Вот только некому теперь было ни цветочки рвать, ни желания загадывать...
У Кожана вдруг подкатил к горлу ком. Он медленно, словно стыдясь самого себя, протянул руку и коснулся заскорузлыми пальцами пушистых розовых соцветий сильно припозднившихся осенних цветов. Девочка моя хорошая, дочка нежданная... Простила ты своего непутевого отца... В груди встрепенулось, сжалось и вновь расправилось что-то давно и, казалось, прочно забытое, отметенное, потаенное, теплое. Он бережно открепил от руля букетик и осторожно уложил на приборную панель.
Но куда направились эти ненормальные «книжкины дети» после того, как перегнали машину? Кожан тяжело опустился на водительское сиденье и сжал баранку так, что костяшки побелели.
Он все эти годы жил волком-одиночкой — что до Удара, что после. До войны почти безвылазно сидел в глухом углу Тверской области, где, продолжая дело деда, работал лесничим в заказнике. Там же, в селе по соседству, проживали его родители и кое-кто из родни — двоюродные и троюродные братья и сестры, дядья, тетки... Занятый по уши сперва учебой, потом работой, он — к огорчению мечтавших нянчить внуков родителей — все никак не собрался жениться. А незадолго до Удара поехал в Москву на новую учебу... и там-то его и накрыло. Только и спасло, что до метро добежать успел.
Осознав, что, по всей видимости, из его деревенской родни никто не выжил, Кожан постепенно смирился с тем, что он теперь один как перст. Смирился, спрятал глубоко в себя все, что оказалось лишним в новом опасном мире под землей, научился выживать, драться, убивать. Научился не верить никому, обманывать, подставлять, смотреть на чужие страдания и смеяться. Именем его теперь пугали детей на всех скавенских станциях. Даже у много чего видавших боевиков, что из Эмирата, что из Содружества, что из родных Алтухов, фигурально выражаясь, хвосты нервно подрагивали при его упоминании.

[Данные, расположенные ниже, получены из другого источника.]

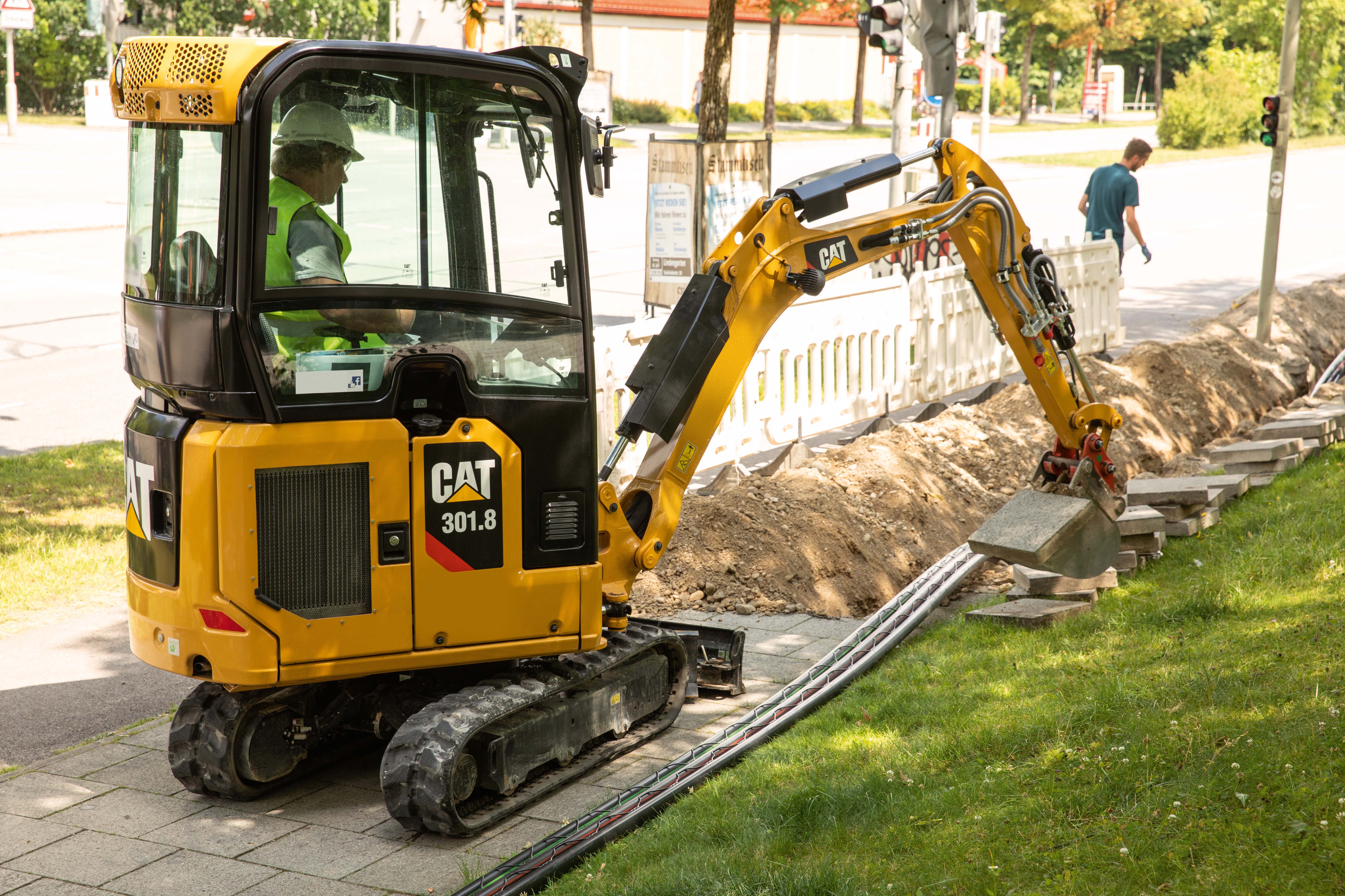 Meist mit kippbarer Kabine oder auch mit Schutzdach verfügbar – die neuen Cat Minibagger. Foto: Caterpillar/ZeppelinDie Einsatzgewichte der neuen Modelle reichten je nach Maschinenkonfiguration von rund 1,5 bis zwei Tonnen. Die typabhängige Grabtiefe betrage 2,34 oder 2,37 Meter und könne mit dem lieferbaren langen Stiel auf 2,54 oder 2,57 Meter vergrößert werden. Alle Typen seien mit Gummiketten und auf Wunsch mit Stahlketten erhältlich. In allen neuen Minibaggern arbeitet der Cat Dreizylinder-Dieselmotor C1.1 (EU-Stufe V) mit 16,1 kW beziehungsweise 21,6 PS, der durch hohe Leistungsdichte und konsistente Performance in einem breiten Drehzahlbereich überzeugt. Leerlauf- und Abstellautomatik verbessern die Kraftstoff-Effizienz.

Все это поначалу льстило ему, наполняло душу гордостью. Ведь это он, почитай что в одиночку, подмял под себя вечно грызшиеся до того станционные группировки, разогнал по щелям, а то и уничтожил их вождей и атаманов — претендентов на единоличную власть над разбойными Алтухами, и навел среди этого разномастного сброда какой-никакой, а порядок. С его приходом разбойники стали не просто пугалом так называемого Серого Севера, а силой, с которой остальным станциям теперь приходилось считаться. Так прошло около десяти лет. И за это время Кожану не единожды приходила в голову одна простая и страшная мысль.
Да, сейчас его уважают и боятся. Все. Но что будет потом? Годы идут, а он не молодеет, отнюдь. Настанет время — и дрогнет бестрепетная доселе рука, сорвется отдающий приказы голос... И вот тогда — конец. Сожрут. Все эти шавки, что сейчас угодливо стелются и метут перед ним хвостами, в одночасье осмелеют, навалятся толпой и сообща прикончат дряхлеющего вожака. Как там в старом-то мультике было? «Акела промахнулся»? Во-во.

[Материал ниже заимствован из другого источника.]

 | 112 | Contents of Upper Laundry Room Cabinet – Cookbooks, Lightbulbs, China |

Иногда Кожану становилась настолько противна его нынешняя жизнь, что хотелось бросить все к чертовой матери — и станцию, и власть, и послушных его воле «подданных»... И уйти. Неважно куда — лишь бы отсюда подальше. Туда, где его никто не знает, где нет бесконечной грызни и страха за жизнь.
Но идти было некуда. Везде было то же самое, даже в «благополучном» Содружестве с его школами, больницей, спортзалами и доморощенным театриком. Да и привык он уже к такому положению дел и к шкуре закоренелого злодея, грозы Серого Севера. К тому же и возраст уже не тот, в котором людям свойственно совершать необдуманные лихие молодечества.
Вот так и текло своим чередом время, а Кожан старался думать про туманное будущее пореже.
Но все почему-то изменилось, когда на его седую уже голову свалился неожиданный «гостинец» в виде собственной дочери и такого же «идейного», как и она, человека. Настоящий двойной удар, и хорошо еще не ниже пояса!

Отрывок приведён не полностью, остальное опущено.